**WORK TASK**
Reproduce each line below precisely. Drop the pictures.

**WORKING DATA**
########################################
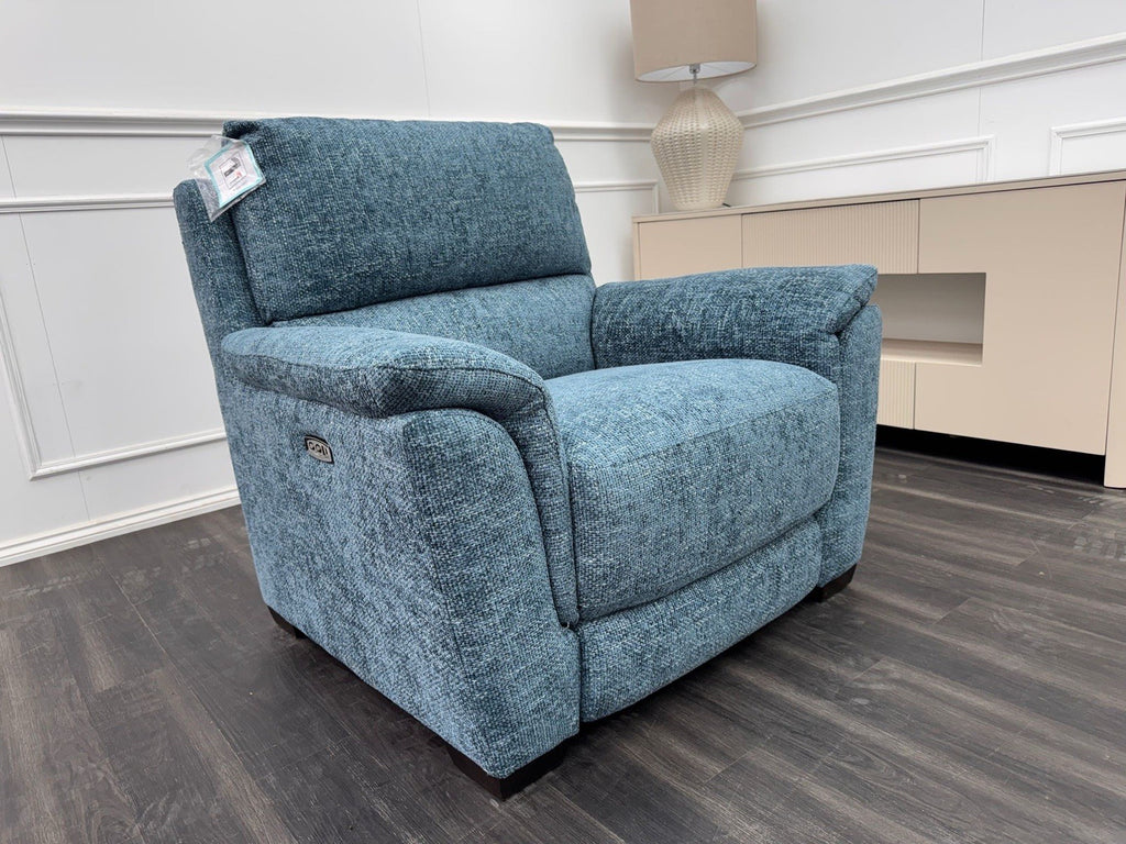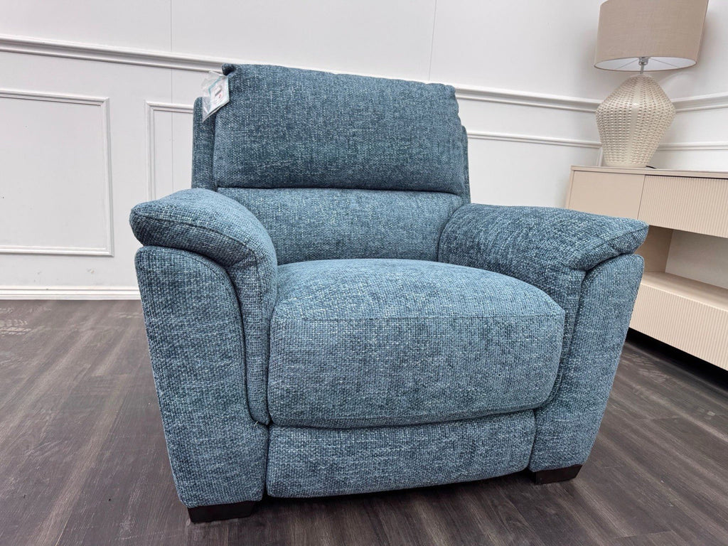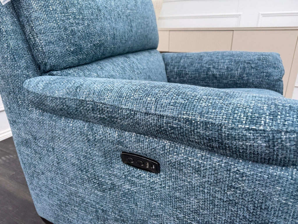 Furniture Village Armchair Power Recliner Blue Woven Fabric
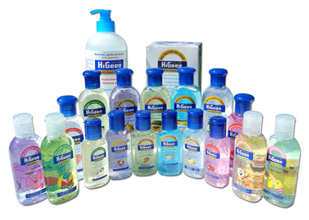 Żele HiGeen do mycia rąk bez wody i mydła,
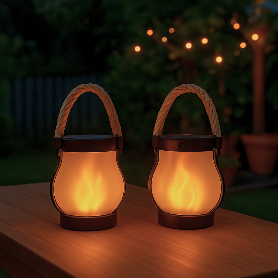A soft, amber flame dances gently in the breeze — no wires, no flames, no fuss.
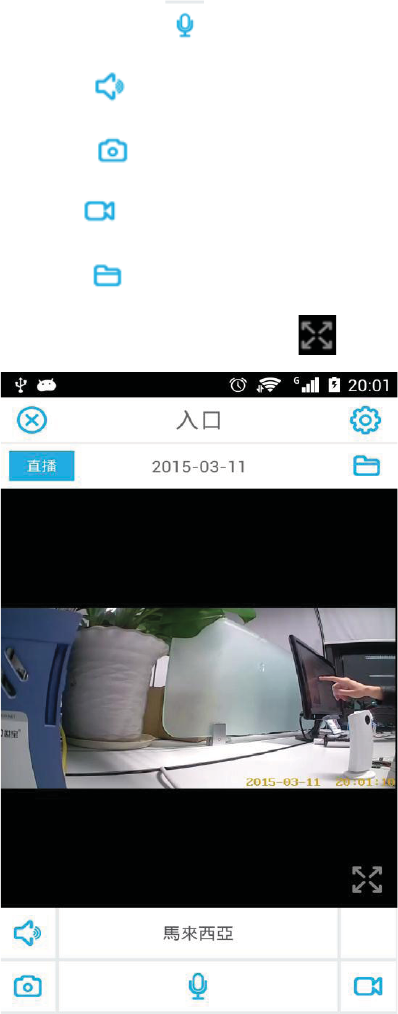 9˅Click on Live-monitor page to access Album, Alarms and Fulltime video. Album includes
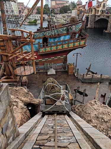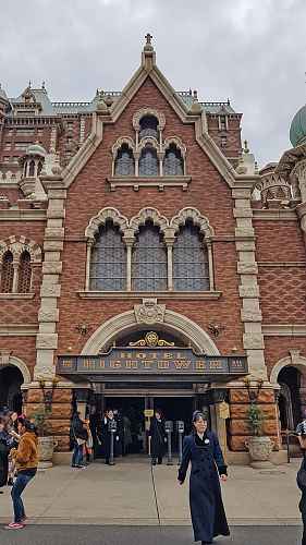 Like its counterparts at other Disney parks, the theming is like that of a haunted abandoned hotel.
########################################
**RESPONSE FOR THIS EXERCISE**
 Furniture Village Armchair Power Recliner Blue Woven Fabric
 Żele HiGeen do mycia rąk bez wody i mydła,
A soft, amber flame dances gently in the breeze — no wires, no flames, no fuss.
 9˅Click on Live-monitor page to access Album, Alarms and Fulltime video. Album includes
 Like its counterparts at other Disney parks, the theming is like that of a haunted abandoned hotel.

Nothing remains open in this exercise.